What are we fighting for? How will we change the world? The design and development team wants to know that their work has some meaning, that it will be the best in some way. Without knowing exactly what that end state is intended to be, it is difficult to grasp how it will be the best of bread. Which in turn causes teams to loose motivation. The work ends up being no more more that a series of task that they do in order to get paid. For some people this is OK and they prefer to work in this manner, but you can't expect them to innovate or go beyond the call of duty without motivation.

What do I do next? The key to a efficient team is that they are self motivated and know exactly what to do next. If they need to wait for instructions on the next steps, bottle neck start to form.

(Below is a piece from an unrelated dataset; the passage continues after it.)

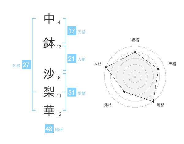 中鉢 沙梨華さんの総格は48画の4点!

They are not able to make educated decisions based on their granular knowledge which can lead to lost opportunities and avoidances.

Are we there yet? It's not just about knowing if a given task is complete, it's also about knowing to what level each piece has to be taken to, again related to granular knowledge. This obviously has an impact on scheduling causing last minute decisions to either ship in a weak state or miss the delivery date.

These are just some of the issues you face when you do not have a well defined target. Working with ambiguity, however, is something that we are constantly faced with in our tight deadlines and vague client directives. So how do you maintain a motivated, self-driven team that can schedule it's time? You could have Colin Powell make presentation for you, but hopefully you stipulate that the target may change or evolve over time. You can also use concepts instead of detailed pictures to communicate the state. Sometimes this can be done in a single sentence statement with lots of adjectives. Communicating the concept is much quicker then deciding on a final design on day 1. If there is a visual that is presented as the target, it should be made clear that final may evolve. You don't want box in creativity either. Thats a different blog.